Gemmological Association of Great Britain
- Established: 1931
- Location: London, United Kingdom

= Gemmological Association of Great Britain =

The Gemmological Association of Great Britain (Gem-A) is an international gemmology education and qualifications body based in the United Kingdom.

==History==
Gem-A emerged from an Education Committee set up by The National Association of Goldsmiths (NAG) in 1908. As the study of gemmology grew in popularity, NAG established the Gemmological Association as an independent branch in October 1931, under the successive presidencies of Henry Miers, William Bragg and Herbert Smith. The organisation was subsequently renamed the Gemmological Association of Great Britain in 1838, before being incorporated in 1947. The association now trades under the name of Gem-A, following the closure of the organisation's gem testing lab in 2007 (and the organisation's subsequent refocus on research and education).
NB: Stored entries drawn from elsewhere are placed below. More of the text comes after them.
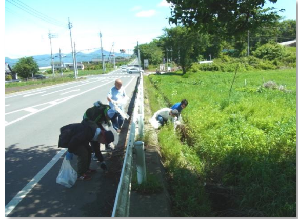
5/19 昭和村総合運動公園周辺清掃活動
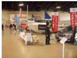
実際に各社ボートが展示されています。
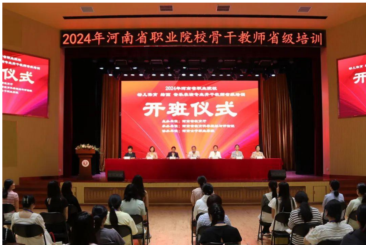
图 4-10 河南省职业院校骨干教师省级培训开班仪式

管理，确保培训质量，进一步提升参训教师的理论和技能水平，为河南省职业教育发展作出新的更大贡献。

The Gemmological Association of Great Britain is a registered United Kingdom-based charity and its gemmology and diamond courses are taught in some 25 countries worldwide.

===Coat of arms===
One of the most common symbols used to denote the association, the coat of arms is based upon a design submitted by H. Ellis Tomlinson on behalf of the association in 1966. Mr Tomlinson, who was also responsible for the design of the arms of the National Association of Goldsmiths a few years prior, combined mediaeval heraldry with colours, language and ornament to create what is now a well-known symbol denoting the association. It was not until 1967, when the association received the official grant of arms from the King of Arms under royal authority, that it became the logos prentice of the association and all its related activities.
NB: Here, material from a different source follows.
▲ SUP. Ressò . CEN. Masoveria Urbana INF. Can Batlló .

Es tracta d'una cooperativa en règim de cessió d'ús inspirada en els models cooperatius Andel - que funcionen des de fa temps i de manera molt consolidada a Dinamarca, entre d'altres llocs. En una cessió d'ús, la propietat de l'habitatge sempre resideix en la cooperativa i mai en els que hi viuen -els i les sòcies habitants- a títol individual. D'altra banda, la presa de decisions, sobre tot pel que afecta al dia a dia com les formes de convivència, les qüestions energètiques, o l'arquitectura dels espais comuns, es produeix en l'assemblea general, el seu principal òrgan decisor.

The Gem-A coat of arms itself is composed of a shield, crest and motto.

====The shield====
The shield is the focal part of the coat of arms. In its centre is a gold jewelled book representing the study of gemmology. Above this is a rose-cut diamond within a circle, suggesting the examination of gems under magnification. To each side are octahedral diamond crystals, indicating gems as found, and below is a pearl-set ring representing gem-set jewellery.

====The crest====
The crest is in the form of a lynx. This species of wildcat is traditionally renowned for its keenness of sight and, with perhaps just a touch of humour, was employed here as a perfect symbol for gemmologists and gemmology students. In its paws it holds one of the oldest heraldic emblems, an ‘escarbuncle’. This is a symbol of supremacy, but also represents a brilliant jewel with light radiating from it. Its tips are jewels of many different colours. Gem-A is often referred to as the central jewel, with gem education and knowledge radiating from it with the jewelled tips being the graduates and members of the association.

==Courses==
Gem-A provides courses in gemmology and diamond as well as offering a wide range of short courses, lab classes and one-day workshops, catering for both beginners and experts in the field.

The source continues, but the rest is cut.